VeCoR - Velocity Contrastive Regularization for Flow Matching

TL;DR

VeCoR introduces Velocity Contrastive Regularization to Flow Matching by adding a bidirectional attract–repel signal in velocity space. Negative velocity candidates, generated via augmentation-like perturbations across image, latent, and velocity domains, regularize trajectory evolution and reduce off-manifold drift. Empirically, VeCoR yields significant FID improvements and faster convergence on ImageNet-1K 256×256 and MS-COCO text-to-image tasks, with strong gains for lightweight models and low-function-evaluation budgets. The approach remains plug-and-play, data-efficient, and requires no architectural changes, offering a practical pathway to more stable and high-fidelity flow-based generation.

Abstract

Flow Matching (FM) has recently emerged as a principled and efficient alternative to diffusion models. Standard FM encourages the learned velocity field to follow a target direction; however, it may accumulate errors along the trajectory and drive samples off the data manifold, leading to perceptual degradation, especially in lightweight or low-step configurations. To enhance stability and generalization, we extend FM into a balanced attract-repel scheme that provides explicit guidance on both "where to go" and "where not to go." To be formal, we propose \textbf{Velocity Contrastive Regularization (VeCoR)}, a complementary training scheme for flow-based generative modeling that augments the standard FM objective with contrastive, two-sided supervision. VeCoR not only aligns the predicted velocity with a stable reference direction (positive supervision) but also pushes it away from inconsistent, off-manifold directions (negative supervision). This contrastive formulation transforms FM from a purely attractive, one-sided objective into a two-sided training signal, regularizing trajectory evolution and improving perceptual fidelity across datasets and backbones. On ImageNet-1K 256$\times$256, VeCoR yields 22\% and 35\% relative FID reductions on SiT-XL/2 and REPA-SiT-XL/2 backbones, respectively, and achieves further FID gains (32\% relative) on MS-COCO text-to-image generation, demonstrating consistent improvements in stability, convergence, and image quality, particularly in low-step and lightweight settings. Project page: https://p458732.github.io/VeCoR_Project_Page/

Figures (7)

• Figure 1: Supervision and trajectory behavior.Left—Standard Flow Matching (SFM): trained only with positive supervision toward the ground-truth velocity (blue), the predicted trajectory (purple) may slightly deviate from the data manifold, sometimes leading to less stable generations.
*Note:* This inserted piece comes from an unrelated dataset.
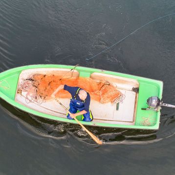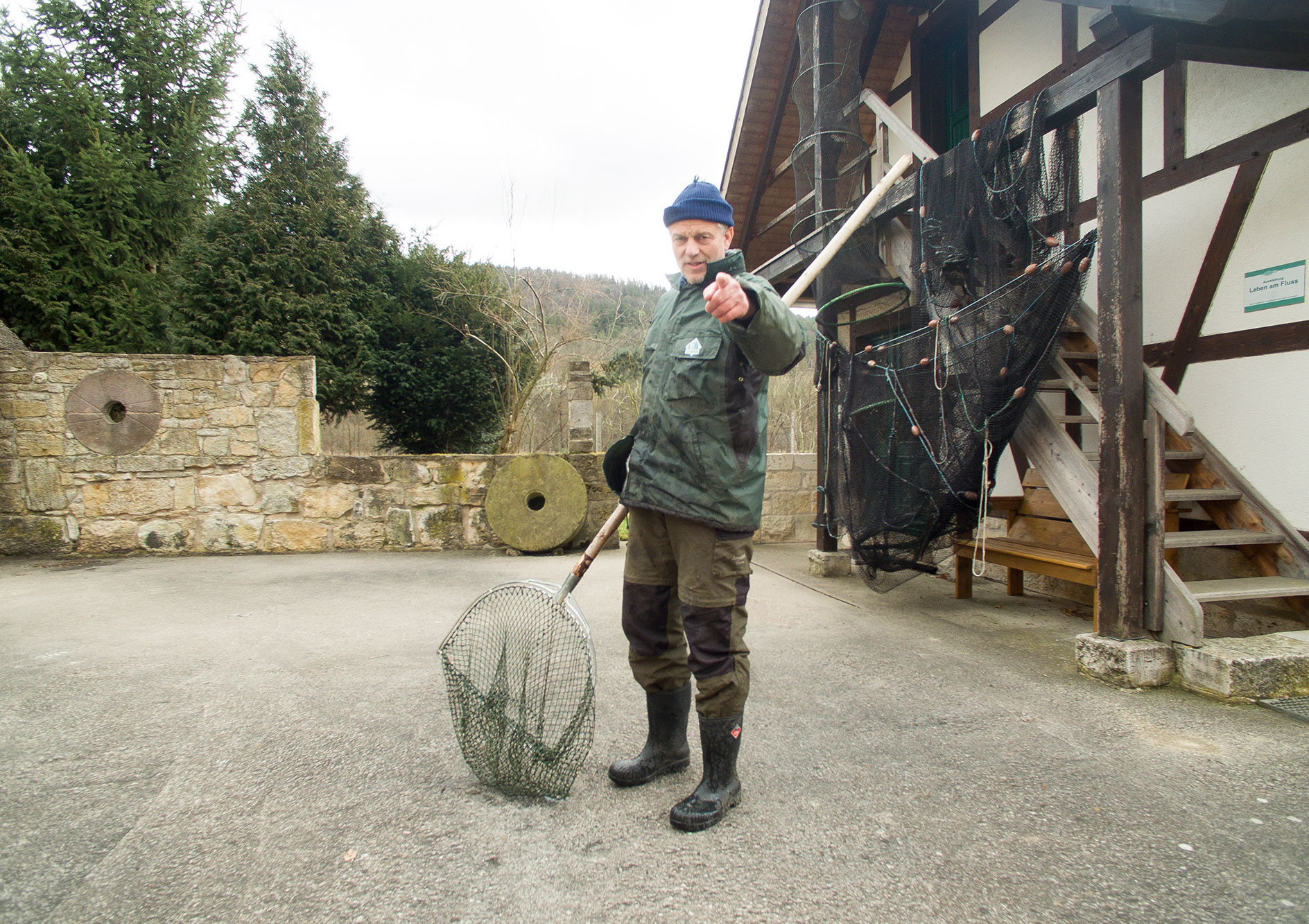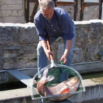 Darüber hinaus erfolgt eine anschauliche Schulung anhand von Präparaten, Fanggeräten und Schautafeln (Ausstellung „Leben am Fluss“) sowie lebender Fische (Flussaquarium).

Right—VeCoR: by contrastively suppressing negative trajectories (red path and ×), VeCoR adds negative supervision that discourages off-manifold deviations and guides trajectories back toward the data manifold, improving stability and perceptual fidelity.
• Figure 2: VeCoR refines strong SiT baselines by suppressing negative trajectories and improving stability and perceptual fidelity. Although SiT already produces plausible ImageNet-1K 256$\times$256 samples, its sampling trajectories can still drift from the ground truth, causing color/contrast shifts, geometric distortions, blur, and artifacts; VeCoR reduces these issues under identical sampling (same seed, 50 NFEs, Euler--Maruyama). (a) Color/contrast: VeCoR yields a more saturated, uniform sky and wolf hues closer to the ground truth. (b) Geometric consistency: SiT bends the boat and distorts the lamp shade, while VeCoR produces a level hull and a lamp shade closer to the true shape. (c) Deblurring/sharpening: previously soft boundaries become crisp. (d) Artifact removal: SiT hallucinates extraneous structures (e.g., a mechanical arm near the spire; a protrusion above the bird’s beak), whereas VeCoR removes them, restoring clean, plausible shapes and textures.
• Figure 3: Overview of the proposed Velocity-Contrastive Regularization (VeCoR) framework. VeCoR enhances flow matching (FM) by introducing a balanced, bidirectional supervision mechanism in the velocity space. Instead of relying solely on positive guidance toward the ground-truth flow, VeCoR incorporates complementary contrastive cues that define counter-directional references across multiple representational domains. These perturbations—spanning (I) image, (II) latent, and (III) velocity spaces—are implemented through lightweight, augmentation-like transformations that preserve semantic consistency while altering dynamic behaviors. The resulting positive and negative velocities, $\hat{v}_{+}$ and $\hat{v}_{-}$, jointly guide the model-predicted velocity $v_\theta$ toward stable and coherent dynamics while discouraging drifts toward unstable regions. The visualization (bottom right) illustrates how negative velocity guidance can induce off-manifold deviations, leading to degraded sample quality.
• Figure 4: Qualitative comparison between REPA and our REPA-based method (VeCoR) in terms of training convergence and denoising efficiency. We compare the images generated by two SiT-XL/2 + REPA models during the first 400K iterations, one of which integrates our method, VeCoR. Both models share the same noise, sampler, and number of sampling steps, and neither uses classifier-free guidance. The left panel shows results at different training iterations. While REPA demonstrates effectiveness in accelerating convergence, our VeCoR further improves the convergence speed. The right panel illustrates the denoising process, showing that our method not only enhances training convergence but also enables the model to predict more reliable velocity fields and reconstruct the data manifold more accurately under low-step settings.
• Figure 5: Ablation on the regularization coefficient $\lambda$. Comparison illustrating that a moderate $\lambda$ (=0.05) yields the most natural and detailed images, while smaller or larger values cause artifacts or over-smoothed geometry.